WHAT THE EXERCISE ASKS: Print all of the data below exactly as it appears, leaving out every image.

MATERIAL PROVIDED:

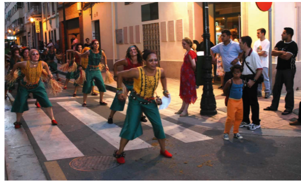
Carrera del Gancho
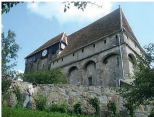
Die evangelische Kirche von Seligstadt.

Konservierungsmaßnahmen der Kirchenburg Großschenk sind 2,8 Millionen Lei zugesagt, von denen 2,6 Millionen nicht rückzuzahlen sind. Großschenk, eines der größten sächsischen Dörfer Rumäniens, wurde im 13. Jahrhundert gegründet (1265 urkundlich erwähnt). In der ersten Hälfte des 16. Jahrhunderts werden gotische Einflüsse sichtbar, im 18. Jahrhundert wurden im selben Stil Ergänzungen durchgeführt. Im Unterschied zu vielen anderen Kirchenburgen sind in dieser zwei Schutzheilige anzutreffen, die Jungfrau Maria und der Heilige Paulus.

RESPONSE TO THE EXERCISE:
Carrera del Gancho
Die evangelische Kirche von Seligstadt.

Konservierungsmaßnahmen der Kirchenburg Großschenk sind 2,8 Millionen Lei zugesagt, von denen 2,6 Millionen nicht rückzuzahlen sind. Großschenk, eines der größten sächsischen Dörfer Rumäniens, wurde im 13. Jahrhundert gegründet (1265 urkundlich erwähnt). In der ersten Hälfte des 16. Jahrhunderts werden gotische Einflüsse sichtbar, im 18. Jahrhundert wurden im selben Stil Ergänzungen durchgeführt. Im Unterschied zu vielen anderen Kirchenburgen sind in dieser zwei Schutzheilige anzutreffen, die Jungfrau Maria und der Heilige Paulus.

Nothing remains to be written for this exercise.